The pictures in the listing below are to be skipped, while the lines between the line holding "Dimensi | : |" and the line holding "When the bowl", inclusive, are to be output exactly.

RECORD EXCERPTS:
──────

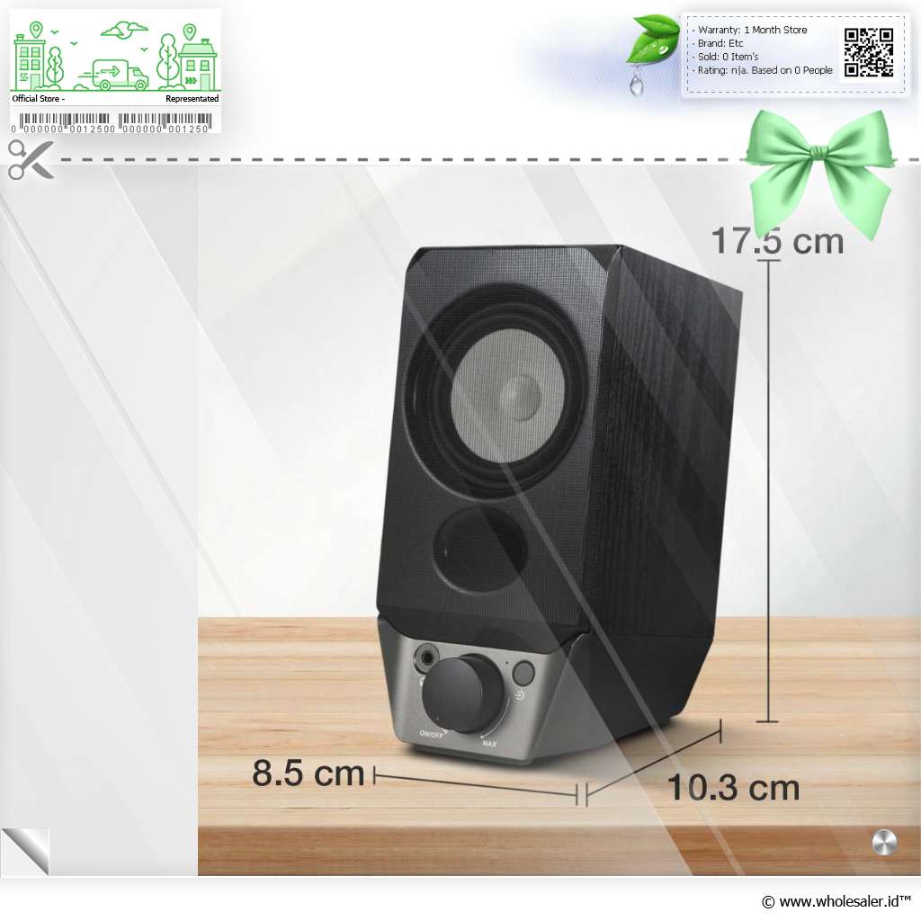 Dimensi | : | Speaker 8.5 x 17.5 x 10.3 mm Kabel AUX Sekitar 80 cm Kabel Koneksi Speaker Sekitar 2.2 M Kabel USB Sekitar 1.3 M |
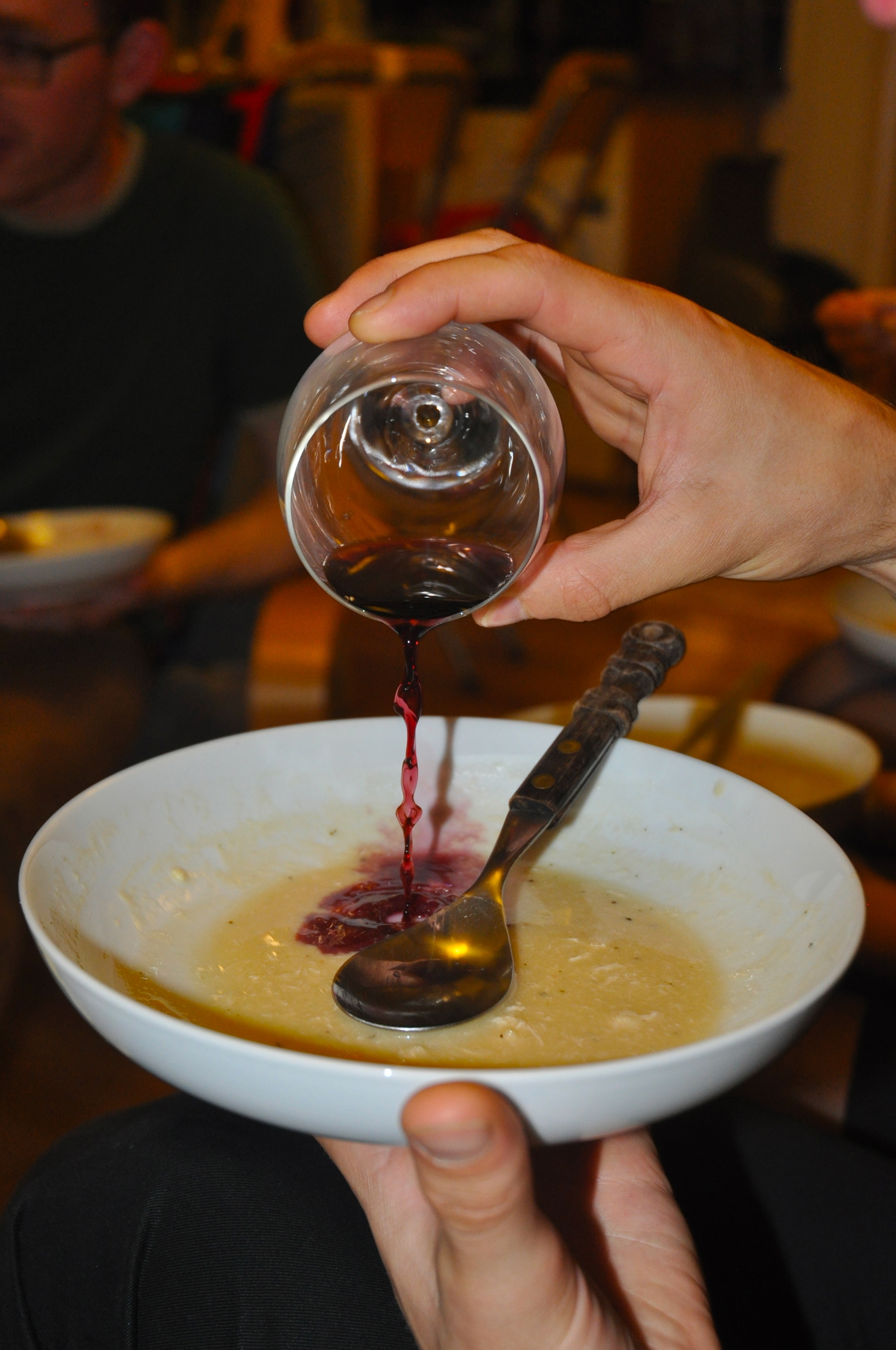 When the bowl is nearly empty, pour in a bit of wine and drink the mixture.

──────

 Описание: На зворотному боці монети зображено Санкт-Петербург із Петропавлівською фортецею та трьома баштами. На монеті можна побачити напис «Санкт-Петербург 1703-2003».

──────

RESULT FOR THIS TASK:
 Dimensi | : | Speaker 8.5 x 17.5 x 10.3 mm Kabel AUX Sekitar 80 cm Kabel Koneksi Speaker Sekitar 2.2 M Kabel USB Sekitar 1.3 M |
 When the bowl is nearly empty, pour in a bit of wine and drink the mixture.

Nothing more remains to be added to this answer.